** EXERCISE DIRECTIONS **
Omit every picture, and retype the lines that run from the beginning of the data below through the line containing "Regular Fit Açık Omuz Triko Kazak E4549AX24WN Regular", inclusive.

** COLLECTED MATERIAL **
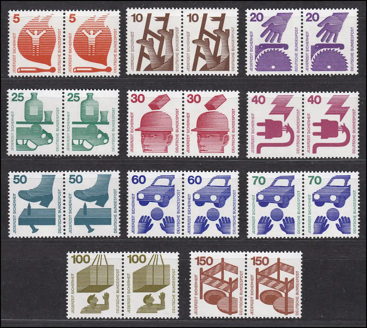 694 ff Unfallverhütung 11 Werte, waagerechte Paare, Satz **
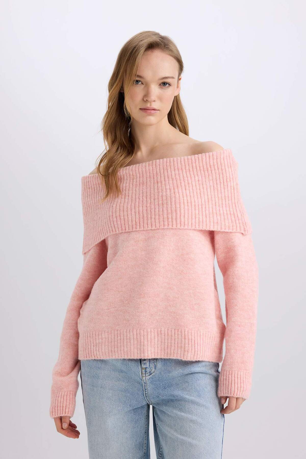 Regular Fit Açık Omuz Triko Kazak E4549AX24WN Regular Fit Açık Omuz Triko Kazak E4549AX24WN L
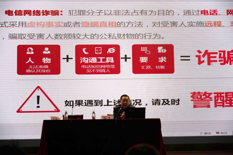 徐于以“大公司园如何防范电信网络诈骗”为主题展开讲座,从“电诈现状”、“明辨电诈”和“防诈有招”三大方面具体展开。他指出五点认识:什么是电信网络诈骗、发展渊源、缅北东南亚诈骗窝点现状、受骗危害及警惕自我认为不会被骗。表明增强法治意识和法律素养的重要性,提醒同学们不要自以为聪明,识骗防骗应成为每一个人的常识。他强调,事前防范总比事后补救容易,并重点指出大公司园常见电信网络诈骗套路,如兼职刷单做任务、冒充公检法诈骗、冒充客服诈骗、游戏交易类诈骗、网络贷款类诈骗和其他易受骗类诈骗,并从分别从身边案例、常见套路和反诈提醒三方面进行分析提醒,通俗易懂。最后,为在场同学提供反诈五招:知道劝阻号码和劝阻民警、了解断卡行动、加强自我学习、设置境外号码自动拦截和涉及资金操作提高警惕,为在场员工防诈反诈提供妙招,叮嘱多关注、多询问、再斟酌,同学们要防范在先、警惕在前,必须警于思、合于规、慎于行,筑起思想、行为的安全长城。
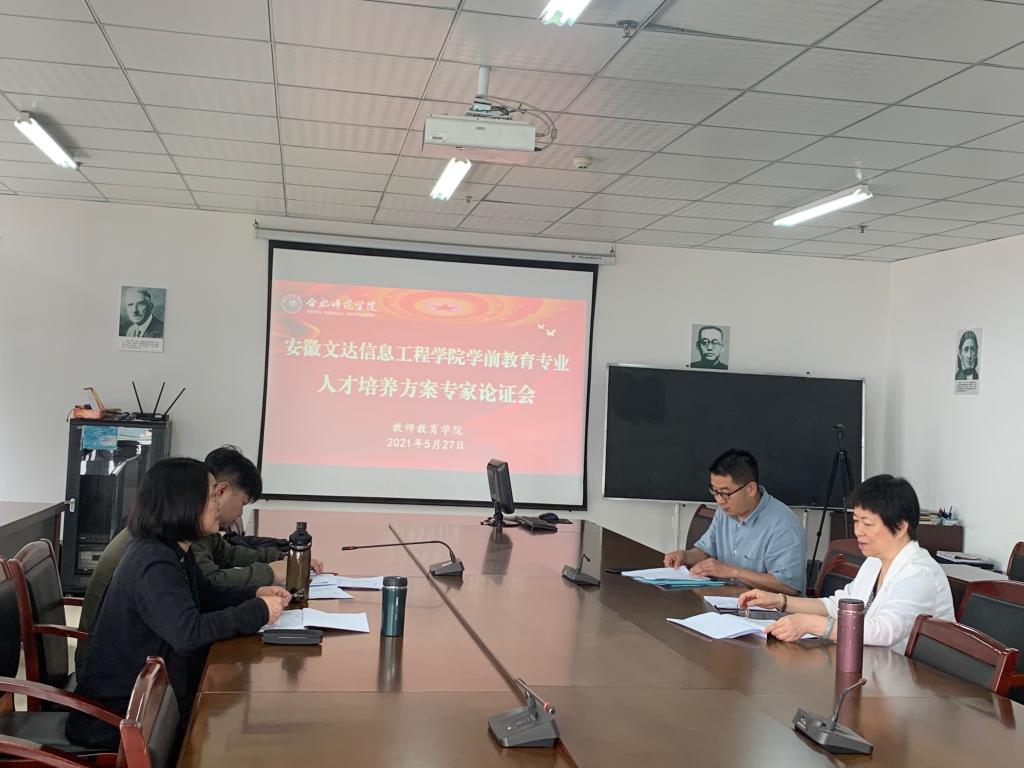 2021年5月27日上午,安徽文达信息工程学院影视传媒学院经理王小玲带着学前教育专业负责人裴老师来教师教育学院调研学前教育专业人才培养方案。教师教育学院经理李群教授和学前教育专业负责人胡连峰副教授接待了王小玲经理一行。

** EXERCISE RESPONSE **
 694 ff Unfallverhütung 11 Werte, waagerechte Paare, Satz **
 Regular Fit Açık Omuz Triko Kazak E4549AX24WN Regular Fit Açık Omuz Triko Kazak E4549AX24WN L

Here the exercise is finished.